The work presented in this paper classifies the types of constraints in the context of the HL7 CDA, and evaluates the ability to specify, check, and act upon possible violations of constraints. The application of constraints to healthcare information is illustrated in two different solutions which were implemented as part of the work presented in this paper. The first approach is entirely software based, whereas the second approach takes advantage of XML-processing hardware. Both of the solutions presented are demonstrated in an SOA environment. The Web services aspects of the solutions could potentially make validated data accessible to health care providers who might not have the staff or equipment to access the data in other ways. Moreover, the work describes ways to produce user-friendly messages when constraint failures occur.

Constraints

The classification of constraints described in this section is motivated by the classification of the Financial Derivatives Consistency Constraint Classification (see Consistency Checking of Financial Derivatives Transactions). Figure 1 illustrates processes in the context of HL7 CDA documents where inconsistencies in healthcare information can occur: (1) in the enforcement of local requirements (Type I); (2) in HL7 CDA document cross-checking (Type II); (3) reference data checking in XML format (Type III); and (4) in reference data checking in non-XML format (Type IV).

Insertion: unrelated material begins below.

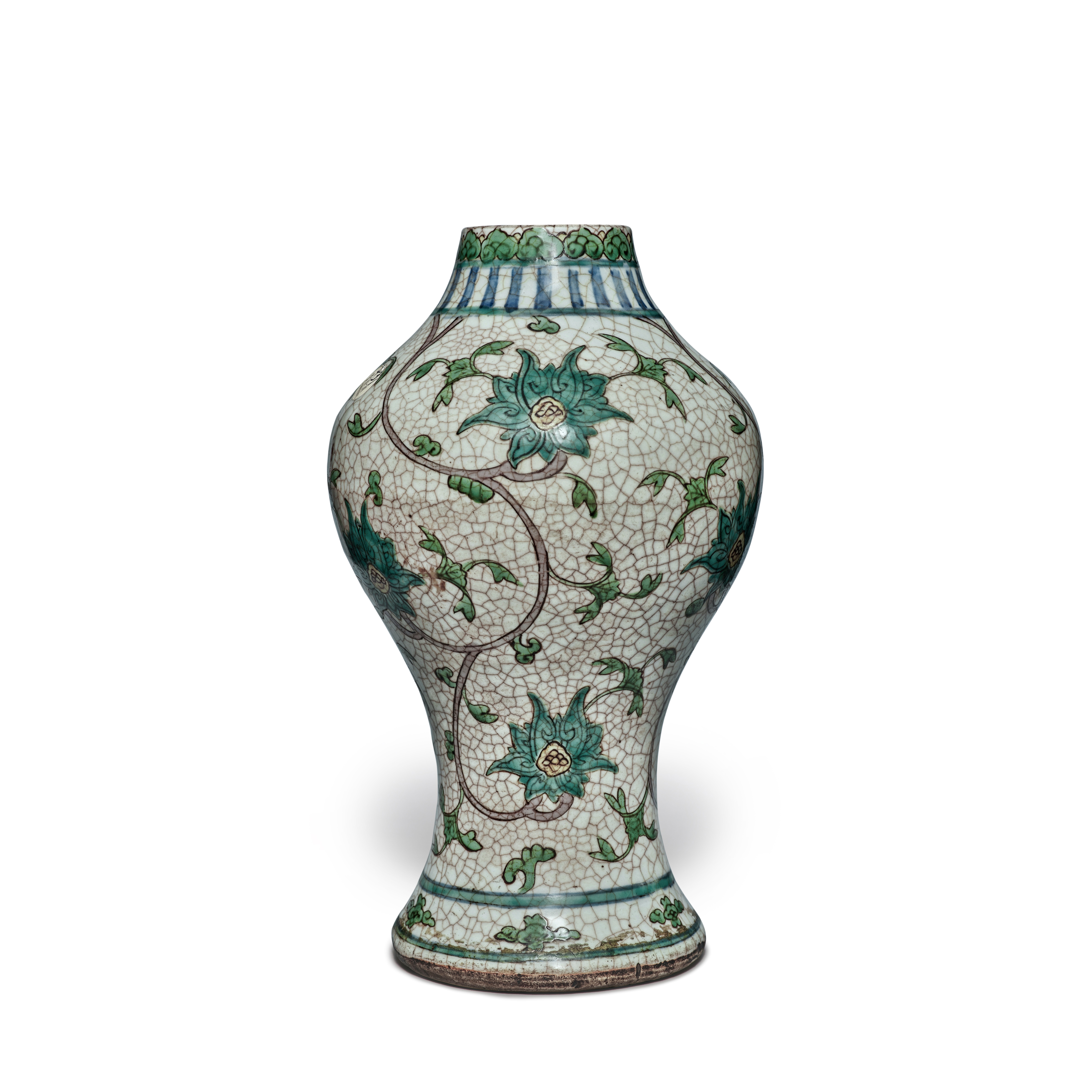 十六至十七世紀 琺華蓮紋長頸瓶兩件

Figure 1. Classification of HL7 CDA constraints based on the Consistency Checking of Financial Derivatives Transactions.
Diagram of classification of HL7 CDA constraints by type

The following section describes the different sources of inconsistent information, provides examples, and illustrates sample implementations for constraints that are used to avoid inconsistency. The implementation of the constraints identified is based on the fact that HL7 CDA documents are encoded in Extensible Markup Language (XML). If needed, you'll find links to an introduction to XML Schema or Schematron in Resources.

Type I (Structural requirements). These constraints ensure the structure of healthcare information. For the HL7 CDA, the structure is specified through an XML schema provided by HL7. Then you can use the XML schema to validate HL7 CDA XML document instances against the XML schema, which determines whether the HL7 CDA documents contain the information required in the appropriate hierarchical structure. Sometimes the structure defined by an XML schema is not sufficient to convey specific requirements, such as an information system at a local institution. Suppose a given institution requires certain information be present in an instance document that is considered optional by the HL7 CDA XML schema. You can approach this problem in two ways. The first option is to modify the existing XML schemas (see Listing 1).

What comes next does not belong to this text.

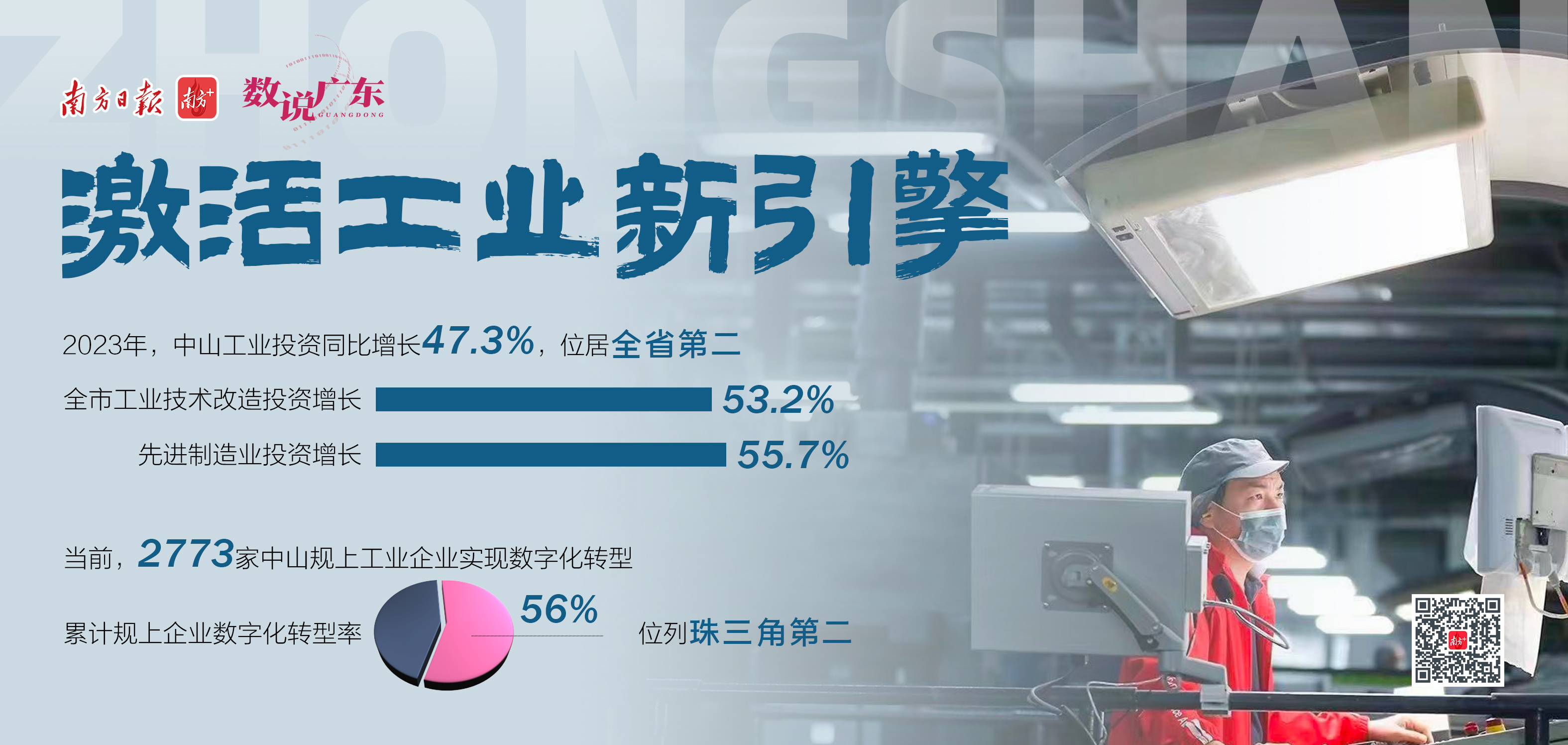 企业发力、政府支持,一些变化实实在在地体现在“数据单”上:2023年,中山工业投资同比增长47.3%,位居全省第二。其中,工业技术改造投资增长53.2%,先进制造业投资增长55.7%,高技术制造业投资增长53.4%。

Listing 1. Excerpt of original HL7 CDA XML schema

<xs:element name="code" type="CD" minOccurs="0" maxOccurs="1" />

Modify the existing XML schema to define the element as mandatory instead of optional (see Listing 2).

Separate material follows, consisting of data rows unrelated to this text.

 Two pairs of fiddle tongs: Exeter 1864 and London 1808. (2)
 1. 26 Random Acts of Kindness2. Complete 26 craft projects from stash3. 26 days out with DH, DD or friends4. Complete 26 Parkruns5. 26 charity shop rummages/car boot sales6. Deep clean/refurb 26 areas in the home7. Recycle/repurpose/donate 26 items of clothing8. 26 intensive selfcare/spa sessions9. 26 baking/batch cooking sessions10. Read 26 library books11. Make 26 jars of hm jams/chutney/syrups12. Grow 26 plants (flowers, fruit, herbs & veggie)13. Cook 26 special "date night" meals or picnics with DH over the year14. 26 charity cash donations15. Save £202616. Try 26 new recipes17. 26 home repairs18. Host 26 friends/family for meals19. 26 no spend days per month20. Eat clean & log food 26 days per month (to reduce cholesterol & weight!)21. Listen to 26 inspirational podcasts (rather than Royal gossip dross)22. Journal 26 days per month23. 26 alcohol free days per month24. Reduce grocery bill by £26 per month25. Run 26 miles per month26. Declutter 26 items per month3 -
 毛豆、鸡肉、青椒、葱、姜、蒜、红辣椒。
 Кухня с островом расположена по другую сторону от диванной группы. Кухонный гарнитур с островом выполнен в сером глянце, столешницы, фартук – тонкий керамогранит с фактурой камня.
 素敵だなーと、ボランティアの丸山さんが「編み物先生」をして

Listing 2. Excerpt of modified HL7 CDA XML schema

<xs:element name="code" type="CD" minOccurs="1" maxOccurs="1" />

The second option is to complement the XML schemas with Schematron rules (see Resources). Schematron allows the specification of assertions on the content of HL7 CDA documents and is typically applied through XSLT. In this case, you use Schematron to determine the presence of certain elements in an XML document, without modifying the original XML schema (see Listing 3).


Listing 3. Excerpt Schematron rule

<assert test="hl7:code">
  The necessary information on the code system to 
  identify that the blood parameter is missing.
</assert>

Type II (Internal consistency). Constraints of type II evaluate the content of HL7 CDA XML document instances and therefore avoid inconsistency within HL7 CDA XML documents. The content evaluated includes both isolated values and values which depend on other information within the same XML document. An example might be a constraint which determines whether blood parameter values encoded in an HL7 CDA document are within the allowed reference ranges or not. For blood parameters, some reference values can be the same for male and female patients, others can differ by gender. These constraints can be specified the same way as type I constraints, either through modifying the HL7 CDA XML schema or through the implementation of Schematron rules (see Listing 4).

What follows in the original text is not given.